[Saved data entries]
^^^^^^^^^^^^^^^^

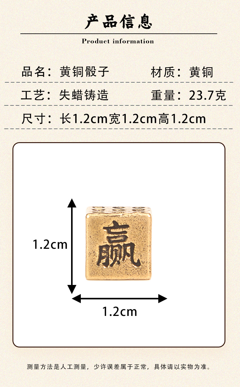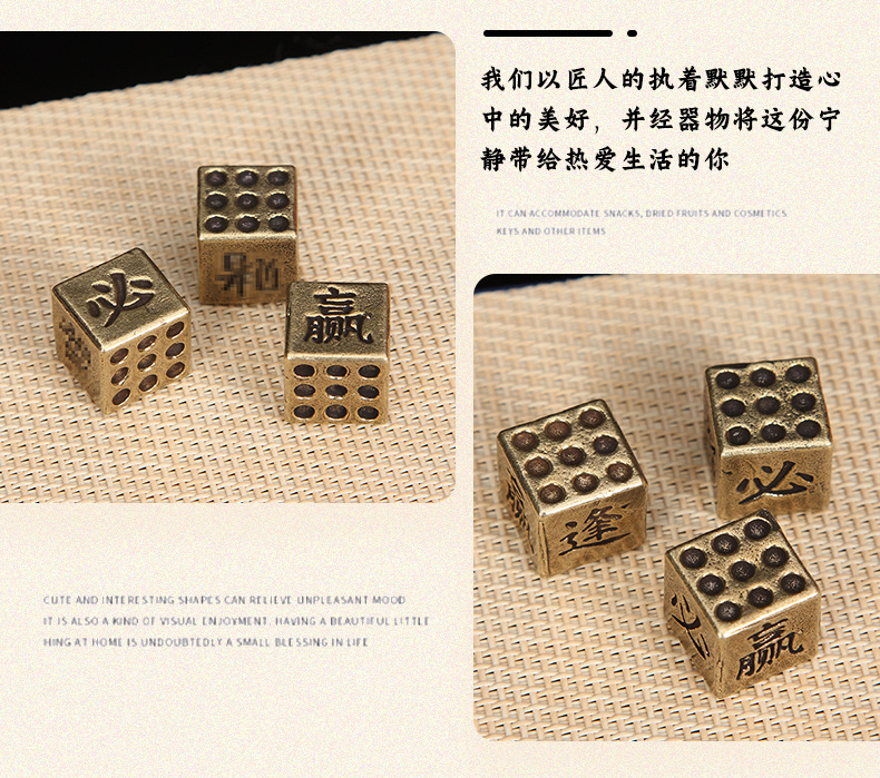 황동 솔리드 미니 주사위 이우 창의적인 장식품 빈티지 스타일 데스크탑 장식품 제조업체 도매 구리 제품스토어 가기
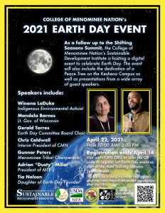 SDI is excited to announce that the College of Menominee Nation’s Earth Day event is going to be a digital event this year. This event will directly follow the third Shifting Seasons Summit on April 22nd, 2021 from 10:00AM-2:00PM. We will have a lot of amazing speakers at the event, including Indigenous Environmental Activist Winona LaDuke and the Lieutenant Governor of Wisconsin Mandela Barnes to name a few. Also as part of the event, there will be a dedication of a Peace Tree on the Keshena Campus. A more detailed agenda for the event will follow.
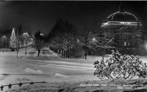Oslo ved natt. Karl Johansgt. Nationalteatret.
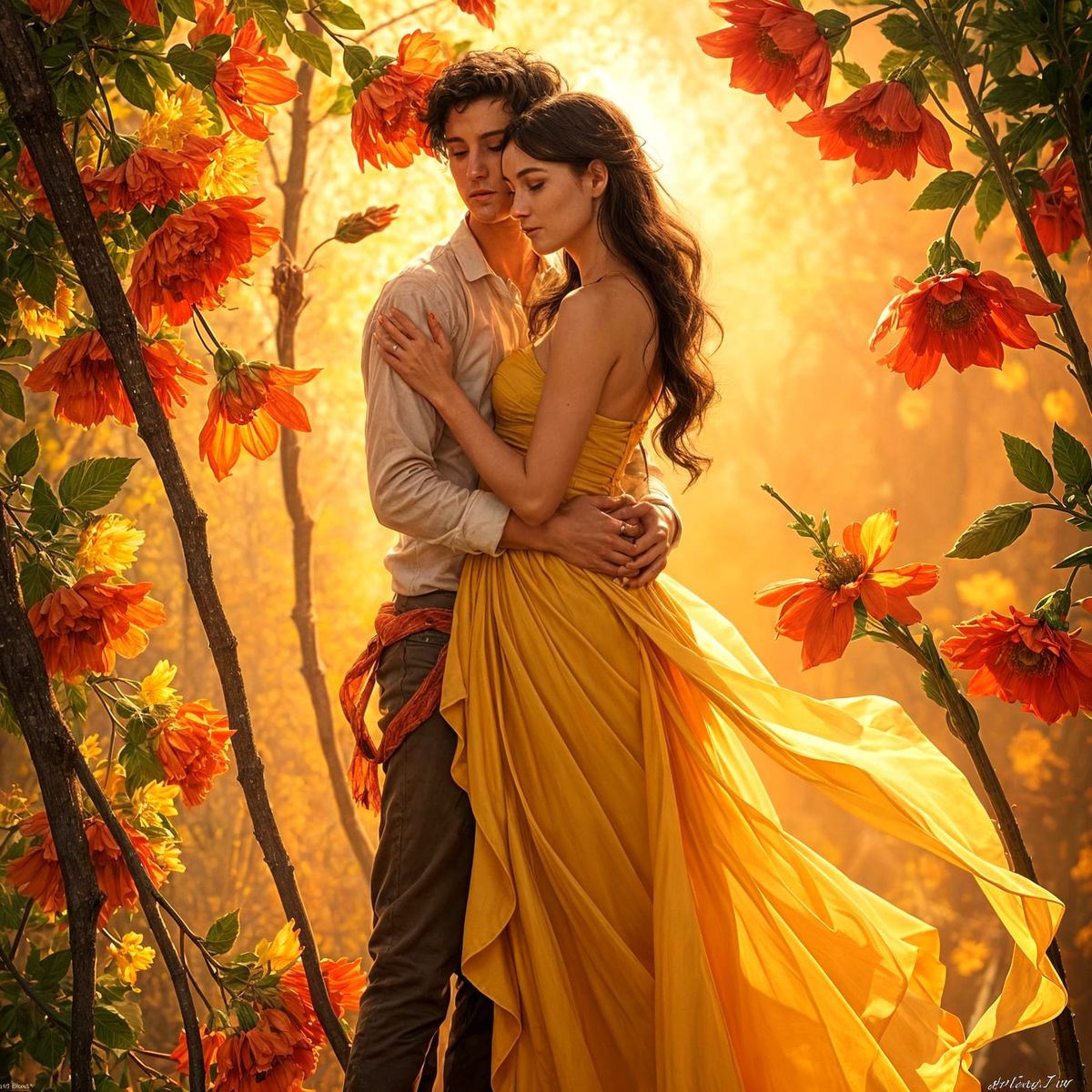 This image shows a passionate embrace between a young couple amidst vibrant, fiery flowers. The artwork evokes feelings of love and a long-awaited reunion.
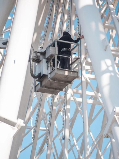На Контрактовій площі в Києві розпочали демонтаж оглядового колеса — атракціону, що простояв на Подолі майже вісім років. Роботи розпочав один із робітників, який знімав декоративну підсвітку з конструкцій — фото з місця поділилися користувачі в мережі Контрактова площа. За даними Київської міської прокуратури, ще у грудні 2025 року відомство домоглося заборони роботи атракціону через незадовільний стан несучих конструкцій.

^^^^^^^^^^^^^^^^

What this task involves: Your task is to repeat the opening line of the entries above and each line after it, ending with the line that has "This image shows". Do not include the pictures.

Response below:
 황동 솔리드 미니 주사위 이우 창의적인 장식품 빈티지 스타일 데스크탑 장식품 제조업체 도매 구리 제품스토어 가기
 SDI is excited to announce that the College of Menominee Nation’s Earth Day event is going to be a digital event this year. This event will directly follow the third Shifting Seasons Summit on April 22nd, 2021 from 10:00AM-2:00PM. We will have a lot of amazing speakers at the event, including Indigenous Environmental Activist Winona LaDuke and the Lieutenant Governor of Wisconsin Mandela Barnes to name a few. Also as part of the event, there will be a dedication of a Peace Tree on the Keshena Campus. A more detailed agenda for the event will follow.
Oslo ved natt. Karl Johansgt. Nationalteatret.
 This image shows a passionate embrace between a young couple amidst vibrant, fiery flowers. The artwork evokes feelings of love and a long-awaited reunion.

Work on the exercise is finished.